According to the other comments, this is a bug in Python 3.8 (and still present in Python 3.10).

I tried to follow user1077915's solution but couldn't. Reading more, I've found turicas' solution and, besides this fix works only in Linux, it's fine to me.

The whole code with example is here: https://bugs.python.org/file49859/mprt_monkeypatch.py

As far as I understand, this code is kind of hacking Python's multiprocessing library, so an update to Python's version may eventually break the code.

For convenience, below is the full code, with an example. I tested it with success with Python 3.8.10 and Python 3.10.7 in Ubuntu for Windows.
I'm just sharing the code here. All credits go to the author.
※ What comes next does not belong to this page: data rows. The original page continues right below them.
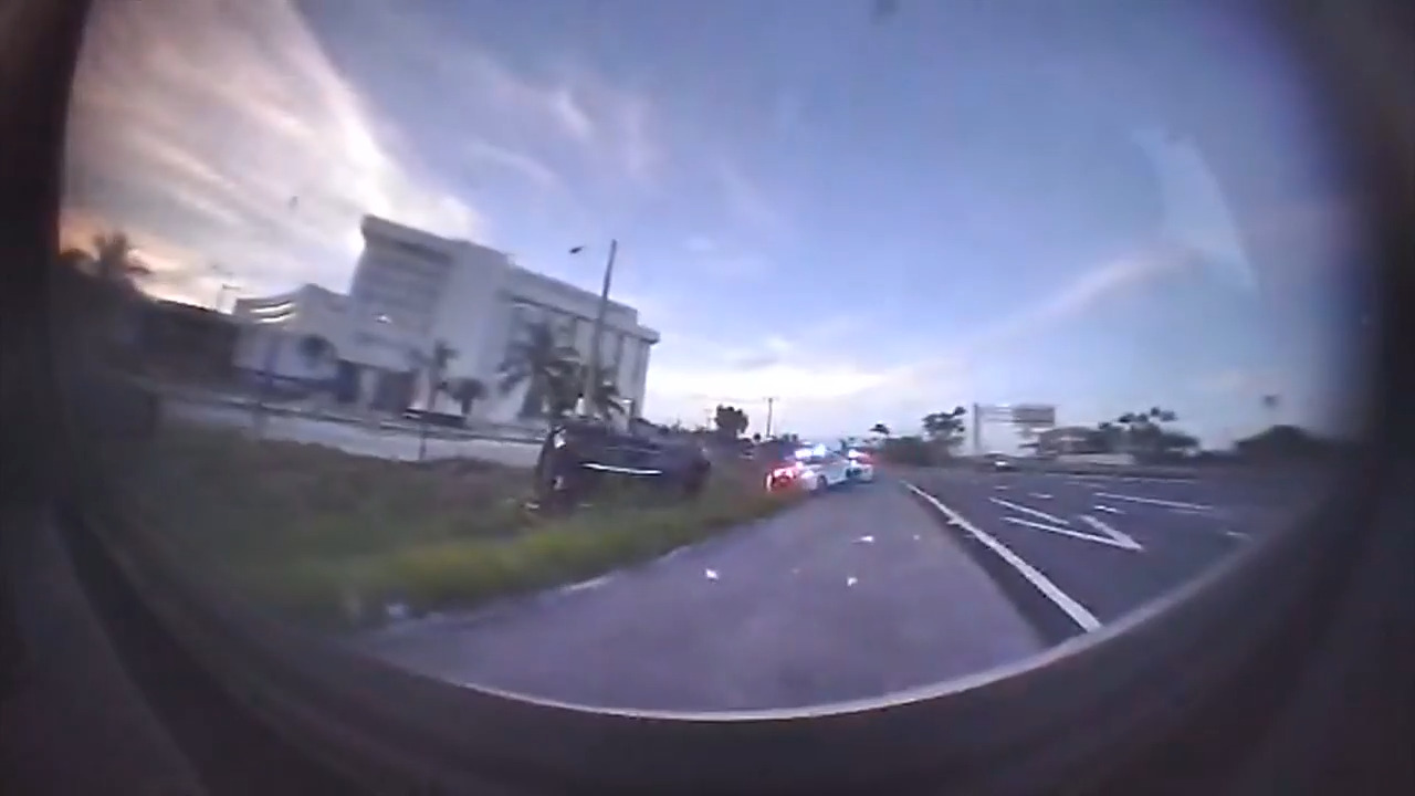 O vídeo da câmera veicular mostra o momento em que o policial deu um fim dramático à perseguição após relatos de um carro roubado em Miami Beach no domingo, 10 de agosto.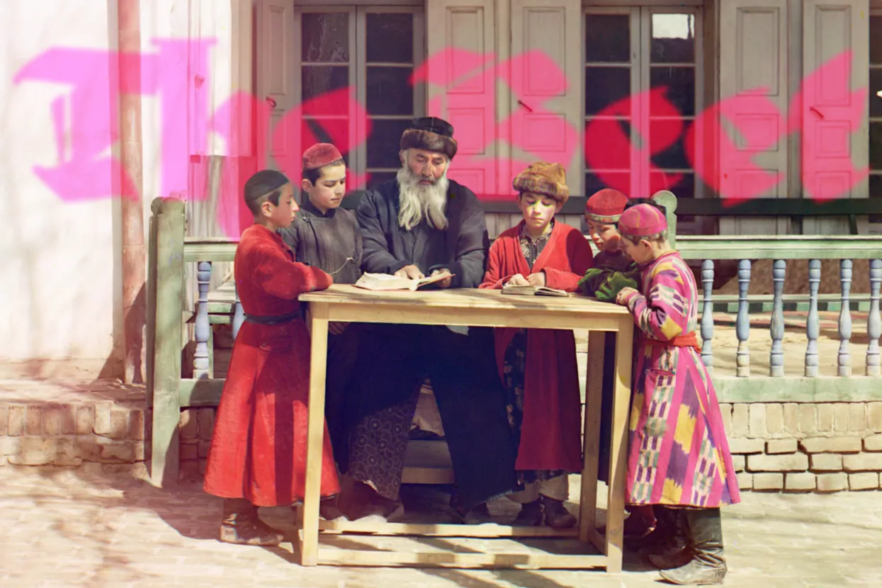 A group of Jewish children with their teacher in Samarkand. This photo was taken sometime between 1905 and 1915.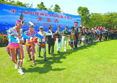 第二屆海峽兩岸少數(shù)民族豐收節(jié)上,兩岸民眾手牽著手,載歌載舞。記者 關(guān)建東 攝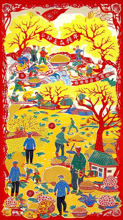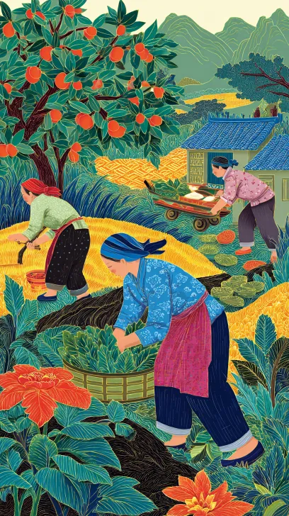 Midjourney Bot 更新时间:2026-03-12 00:12中国民间彩色剪贴画,分色剪纸风格,满构图,高饱和度红黄绿蓝平涂色彩,前景是农家妇女(身着蓝布碎花衫,头扎蓝布巾)弯腰挖野菜,在田里播种,临沂农民在田间小路,挑担、推车,春耕往来,以及临沂农民在家摊煎饼。中景是程式化的榆钱满枝、新柳抽芽,背景是沂蒙农家小院,土墙青瓦,门前杏花再往后是黄色油菜花金黄遍野以及远山含翠,沂蒙农家小院,土墙青瓦,门前杏花人物造型质朴夸张,植物纹样装饰化,整体氛围喜庆热闹,充满乡土生活气息,非遗剪纸艺术。以树为连接,榆钱树为背景 人物是多彩的,背景可以参考用统一色系 --ar 9:16 --v 7 --stylize 100 --sref https://images.gogpt.vip/aigf/m_origin/20260312/1897126/b6nuud9zv8jcr1z1.jpg --oref https://images.gogpt.vip/aigf/m_origin/20260312/1897126/b6nuud9zv8jcr1z1.jpg --ow 442 --sw 358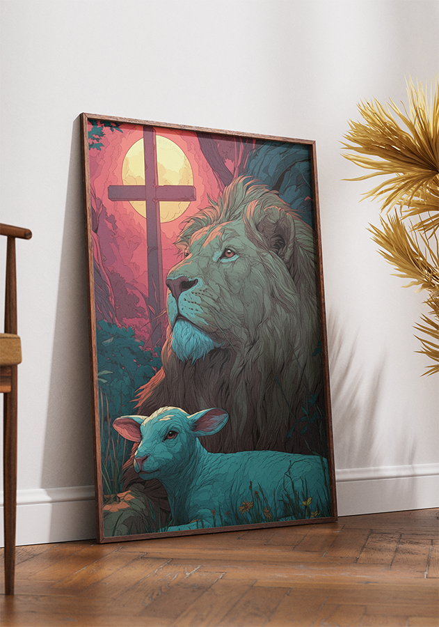 a força do Leão unida à mansidão do Cordeiro. Com um estilo de ilustração detalhado e cores que evocam o entardecer,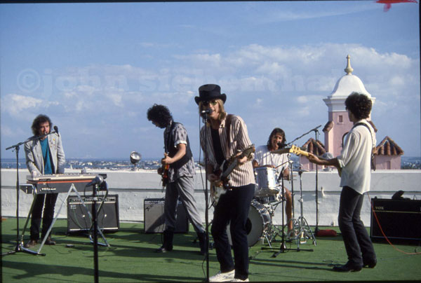 (ST. PETE BEACH, FL) I wasn’t a huge Tom Petty fan in ’85, with the major exception of his trademark hit, "American Girl". I dug it because of it’s track back to Gainesville and the connection to Dubs, spectacular backbeat and of course that whacked out intro. Toss in the slightly out-of-synch harmonies and you’ve got an instant classic. When the call came a few days earlier to shoot a gig at the Don CeSar I thought, "Yeah, ok, no big deal." In all the years before and since, I’d only been there once — to shoot a friend’s wedding (his third but not last) just the month before. Bulldozing The Show The deal was, Tom had broken his famous hand a few months before and this was ostensibly the first time since his surgery anyone would have any idea of whether or not he’d still be able to play. Hard to believe now, but before round-the-clock cable blabbermouths hooked mostly on self-adoration and stupidity, it was possible to embargo news to either prevent or spur speculation. So there I was to record the moment of truth, shooting stock for LGI on a referral from Tampa ASMP buddy and ace studio shooter Terry Drymon. (Terry had an infamous collection of model’s other lips on the wall of his studio dressing room. First timers couldn’t quite figure out how the lipstick on cocktail napkin impressions were created.) Me and MTV in full music video production mode, which obviously was a huge clue if you were wondering whether or not there was any doubt Tom still had a career. I wasn’t that sharp. The Way It Was, Then Neither were there personal computers, damn few "cell" phones, and fax machines were a status symbol that weighed a ton and cost a fortune. Photoshoots were covered the old-fashioned way: load up on film, make sure you had backup metering, check your "automatic" lenses to make sure they would, in fact, stop down to the set aperture when the shutter banged across and then reopen, load everything up and haul the assorted luggage around, through, up and down whatever obstacles popped up. What I remember is, as metering — first analog, then digital — became more precise, so to did the fanatic obsessive-compulsive behavior to constantly check the reflected light. Not like anything would be changing if, for instance, the assignment would take place on a penthouse patio underneath a brilliant and beautiful beachy Florida spring day. Lets just say for the sake of discussion we’d be shooting Ektachrome 200, which in this instance would come out to something around f8-11 at 1/500th. More or less, with no bounce off the Astroturf, as it was then referred to, covering the patio. Say, You With the Band? Duh! There wasn’t any pretense about the group. The atmosphere was relaxed, the mood laid back, and I was silently praying to the Kodak gods that my putting off overdue lens overhauls wouldn’t catch up with me today. Please, let me capture something worth smiling about. We mostly waited while the video crew finished laying track and setting lights. When they were satisfied, the band and one out-of-water photographer headed out onto the patio and in the next few moments I was introduced to the difference between top of their game professional musicians and club bands playing covers. Bang! Straight into "American Girl" and immediately everyone was grinning like Santa came early and the tooth fairy left Travelers Cheques. One word describes the sound — tight. Yeah, these guys really are that good.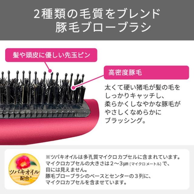 ●豚毛ブローブラシの黒色部分全面(ブラシセンター3列とブラシベース)にツバキオイルを配合したマイクロカプセルを含ませています。※ ツバキオイルは多孔質マイクロカプセルに含まれています。マイクロカプセルの大きさは2〜3マイクロメートルで目には見えません。

from multiprocessing import Process, resource_tracker
from multiprocessing.shared_memory import SharedMemory


def remove_shm_from_resource_tracker():
    """Monkey-patch multiprocessing.resource_tracker so SharedMemory won't be tracked

    More details at: https://bugs.python.org/issue38119
    """

    def fix_register(name, rtype):
        if rtype == "shared_memory":
            return
        return resource_tracker._resource_tracker.register(self, name, rtype)
    resource_tracker.register = fix_register

    def fix_unregister(name, rtype):
        if rtype == "shared_memory":
            return
        return resource_tracker._resource_tracker.unregister(self, name, rtype)
    resource_tracker.unregister = fix_unregister

    if "shared_memory" in resource_tracker._CLEANUP_FUNCS:
        del resource_tracker._CLEANUP_FUNCS["shared_memory"]


def create_shm():
    remove_shm_from_resource_tracker()

    print("create_shm started")
    shared_mem = SharedMemory(create=True, size=1024, name="python_testshm")
    shared_mem.buf.obj.write(b"X" * 1024)
    shared_mem.close()
    print("create_shm finished")

def destroy_shm():
    remove_shm_from_resource_tracker()

    print("destroy_shm started")
    shared_mem = SharedMemory(create=False, name="python_testshm")
    result = shared_mem.buf.tobytes()
    shared_mem.close()
    shared_mem.unlink()
    print("destroy_shm finished")

def main():
    p1 = Process(target=create_shm)
    p1.start()
    p1.join()
    p2 = Process(target=destroy_shm)
    p2.start()
    p2.join()


if __name__ == "__main__":
    main()